De officier van justitie heeft zich op het standpunt gesteld dat de dagvaarding geldig en voldoende duidelijk is. De tenlastelegging vermeldt duidelijk dat het gaat om het lekken van namen van sollicitanten voor de functie van burgemeester. De reden dat de lijst (nog) niet is aangehecht is de bescherming van de privacy van de sollicitanten.

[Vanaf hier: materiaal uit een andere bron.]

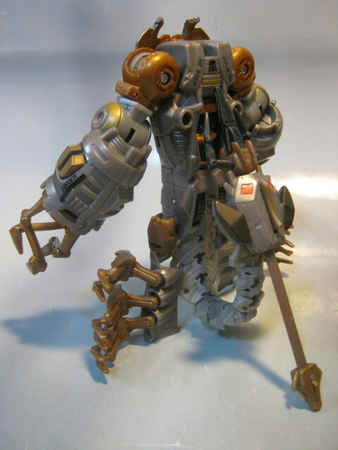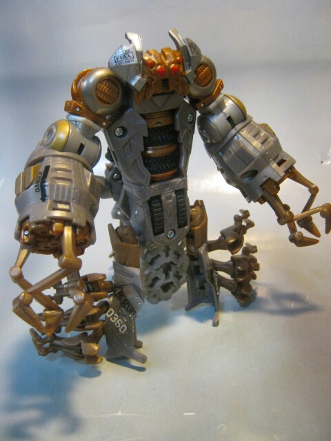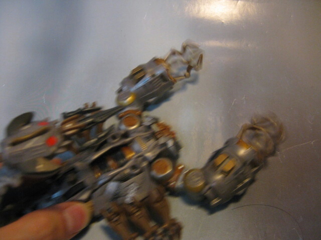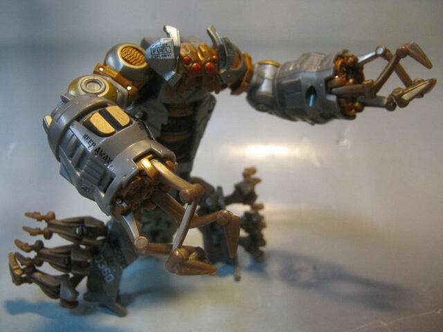 銀をベースに銅の脚やツメと、あまり見ないカラーリング。メカっぽさが出てますね。腕のドリルクローは三枚で出来ておりハサミの様な形状で無く、異質な感じがして面白い!数字やアルファベットのマーキングがされていますが何故この様な文字が係れているかは不明。

De rechtbank overweegt het volgende.
Het is aan de officier van justitie om een tenlastelegging op te stellen in de bewoordingen die zij dienstig acht voor de zaak, waarbij de omschrijving moet voldoen aan artikel 261 van het Wetboek van Strafvordering (hierna: Sv). De tenlastelegging bevat een verwijzing naar een lijst met namen van kandidaten die op de functie van burgemeester hadden gesolliciteerd, waarbij is vermeld dat deze lijst als bijlage aan de dagvaarding is gehecht. De officier van justitie heeft de lijst echter bewust niet als bijlage aan de dagvaarding gehecht. Dit maakt dat naar het oordeel van de rechtbank de tenlastelegging op dit moment en in de huidige vorm onvoldoende feitelijk is omschreven voor zover het de woorden betreft “welke vermeld staan op de lijst die als bijlage aan deze dagvaarding is gehecht”. De dagvaarding wordt op dat punt nietig verklaard. [1]

3.Overwegingen ten aanzien van het verschoningsrecht

3.1.
De officier van justitie is voornemens de commissaris van de Koning in de provincie Utrecht en de voorzitter van de vertrouwenscommissie te dagvaarden teneinde op de volgende terechtzitting getuigenis te geven. Beiden zijn eerder gehoord door de rechter-commissaris. Daar hebben zij, met beroep op een verschoningsrecht, geweigerd vragen te beantwoorden die kunnen leiden tot bekend worden van de namen van de sollicitanten voor de burgemeestersbenoeming in de gemeente Stichtse Vecht. De rechter-commissaris heeft dat beroep op het verschoningsrecht gehonoreerd. Voorzienbaar is dat beide getuigen zich ter terechtzitting opnieuw op een verschoningsrecht zullen beroepen. De officier van justitie heeft de rechtbank primair verzocht op voorhand te oordelen over de vraag of de commissaris van de Koning en de voorzitter van de vertrouwenscommissie verschoningsrecht toekomt op basis van artikel 218 Sv. De officier van justitie stelt zich op het standpunt dat dat niet het geval is, nu de grondslag hiervoor niet voortvloeit uit de wet, noch kan worden gevonden in het maatschappelijk belang dat een ieder zich vrijelijk en zonder vrees voor openbaarmaking om hulp, bijstand en advies tot hen moet kunnen wenden, de gebruikelijke grondslag voor toekenning van een verschoningsrecht. De belangen van de kandidaten kunnen ook worden gediend door het sluiten van de deuren van een deel van het getuigenverhoor van de commissaris van de Koning en de voorzitter van de vertrouwenscommissie. De belangen van geheimhouding wegen bovendien in deze zaak niet zwaarder dan het strafvorderlijk belang, namelijk de waarheidsvinding.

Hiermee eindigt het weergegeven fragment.